The corresponding funnel implementations may be:

funnel<person> Personfunnel = new funnel<person> () {    @Override public    void Funnel Primitivesink into) {        into            . Putint (person.id)            . putstring (Person.firstname, Charsets.utf_8)            . Putstring (Person.lastname, Charsets.utf_8)            . Putint (birthyear);    }}

Note: putstring ("abc", Charsets.utf_8). Putstring ("Def", Charsets.utf_8) is exactly the same as putstring ("AB", Charsets.utf_8). putstring ("Cdef", charsets.utf_8), because they provide the same sequence of bytes. This can lead to unexpected hash conflicts. Adding some form of delimiter helps eliminate hash conflicts.

Hashcode

Once the hasher is given all input, it is possible to get the hashcode instance by means of the hash () method (the result of multiple calls to the hash () method is indeterminate). Hashcode can do equality detection through the Asint (), Aslong (), Asbytes () methods, in addition, Writebytesto (array, offset, maxLength) writes the first maxLength bytes of the hash value to the byte array.

Bloom Filter [Bloomfilter]

Bloom Filter is an elegant use of hashing, which can be implemented simply based on Object.hashcode (). In short, the Bloom filter is a probabilistic data structure that allows you to detect whether an object is definitely not in the filter, or it may have been added to the filter. This is a comprehensive introduction to the Bloom Filter Wiki page, and we recommend a tutorial on GitHub.

The Guava Hash pack has an built-in bloom filter implementation that you can use as long as you provide funnel. You can get bloomfilter<t> by using the Create (Funnel Funnel, int expectedinsertions, double falsepositiveprobability) method, and the default false detection rate [ Falsepositiveprobability] is 3%. Bloomfilter<t> provides Boolean mightcontain (T) and void put (t), and their meanings are self-explanatory.

Bloomfilter<person> friends = Bloomfilter.create (Personfunnel, $, 0.01); for (person friend:friendslist) {    Friends.put (friend);} A long time later if (Friends.mightcontain (dude)) {    //dude is not a friend and the probability of running here is 1%    //Here we can trigger some asynchronous loading while doing further precise checking}
Hashing class

The hashing class provides a number of hash functions, as well as tool methods for operating Hashcode objects.

The provided hash function
MD5 () murmur3_128 () Murmur3_32 () SHA1 ()
SHA256 () SHA512 () Goodfasthash (int bits)
Hashcode Operations
Method Describe
hashcode combineordered (iterable To join the hash code in an orderly manner, if the two hash sets are the same as the hash code that is joined by the method, the elements of the hash set may be of equal order
Hashcode combineunordered (iterable To join the hash code in an unordered manner, if the two hash sets are the same as the hash code that is joined by the method, then the elements of the hash set may be equal in some sort
int Consistenthash (hashcode, int buckets) Returns a consistent hash value for the given bucket size.

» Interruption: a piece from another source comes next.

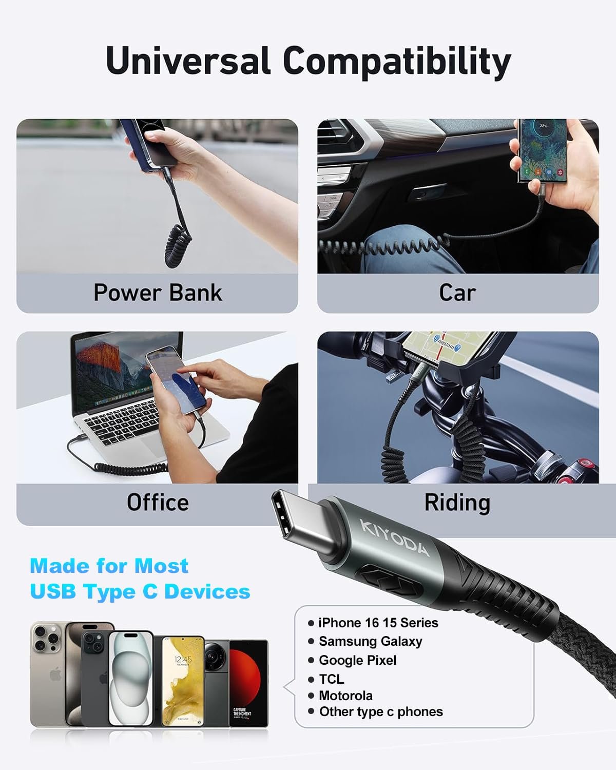 9 reviews for Coiled USB A to USB C Cable 6FT, 2Pack USB C Cables for Car, USB to USB C 66W Fast Charging Upgraded Amazing Durable Braided USB C Cable for iPhone 17 16 15/Pro Max/Plus, Samsung Galaxy S10 and More
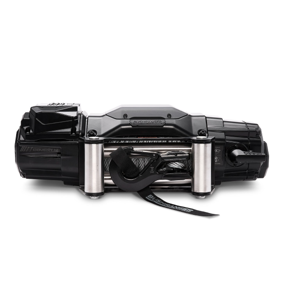 Bushranger Covert 12,000LB Wire Winch, 7 Years Warranty. The second-generation COVERT winch delivers advanced design, robust performance, and fast line speeds in a simple-to-fit package. Developed and tested in Australia, it features a unique built-in control unit, eliminating the need for an external control box for durable, unobtrusive installation.

This method guarantees a minimum consistent hash value when the bucket grows. See consistent hashes.

original articles, reproduced please specify: reproduced from the Concurrent programming network –ifeve.com This article link address: [Google Guava] 10-hash

Guava 10-Hash

Contact Us

The content source of this page is from Internet, which doesn't represent Alibaba Cloud's opinion; products and services mentioned on that page don't have any relationship with Alibaba Cloud. If the content of the page makes you feel confusing, please write us an email, we will handle the problem within 5 days after receiving your email.

If you find any instances of plagiarism from the community, please send an email to: info-contact@alibabacloud.com and provide relevant evidence. A staff member will contact you within 5 working days.

A Free Trial That Lets You Build Big!

Start building with 50+ products and up to 12 months usage for Elastic Compute Service

  • Sales Support

    1 on 1 presale consultation

  • After-Sales Support

    24/7 Technical Support 6 Free Tickets per Quarter Faster Response

  • Alibaba Cloud offers highly flexible support services tailored to meet your exact needs.